▸ Given records
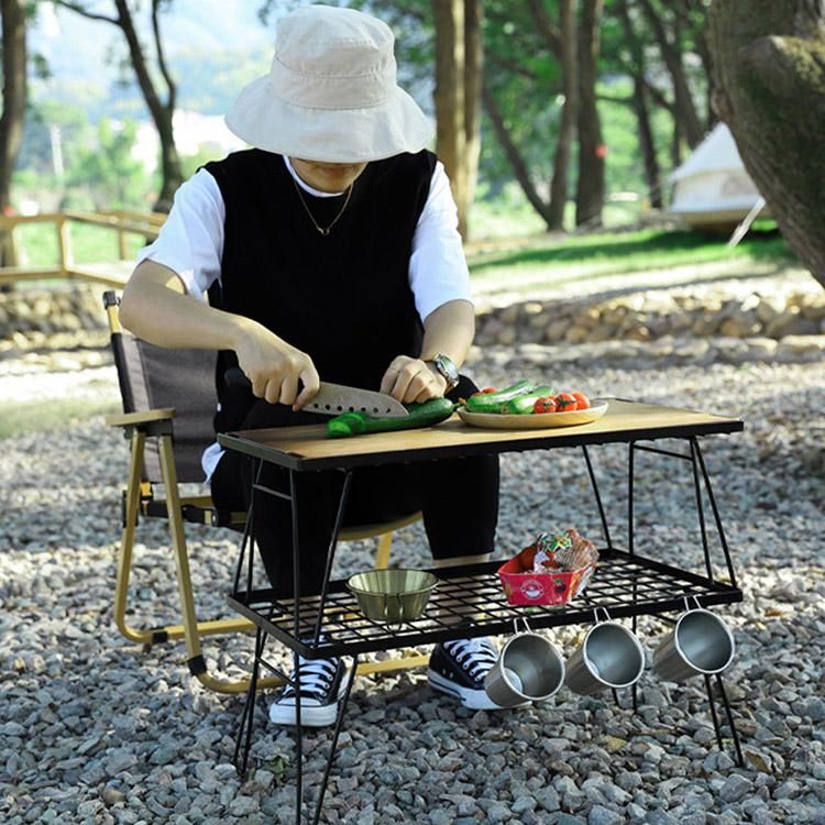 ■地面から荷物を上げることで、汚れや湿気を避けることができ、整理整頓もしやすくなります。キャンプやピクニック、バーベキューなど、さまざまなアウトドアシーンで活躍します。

--

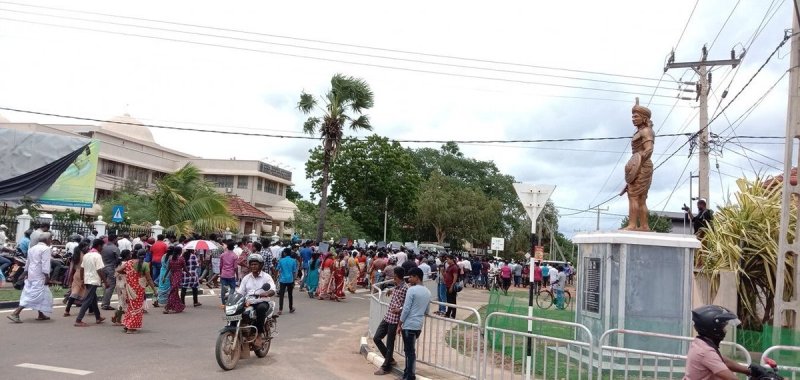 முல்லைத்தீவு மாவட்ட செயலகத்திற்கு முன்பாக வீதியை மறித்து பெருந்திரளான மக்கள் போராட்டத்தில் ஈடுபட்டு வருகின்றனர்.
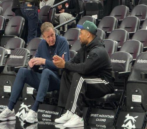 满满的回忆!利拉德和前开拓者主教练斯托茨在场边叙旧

▸ Assignment
For this task, return exactly the stretch of the listing above from the line with "முல்லைத்தீவு மாவட்ட செயலகத்திற்கு" through the line with "满满的回忆!利拉德和前开拓者主教练斯托茨在场边叙旧", inclusive and without pictures.

▸ Response box
 முல்லைத்தீவு மாவட்ட செயலகத்திற்கு முன்பாக வீதியை மறித்து பெருந்திரளான மக்கள் போராட்டத்தில் ஈடுபட்டு வருகின்றனர்.
 满满的回忆!利拉德和前开拓者主教练斯托茨在场边叙旧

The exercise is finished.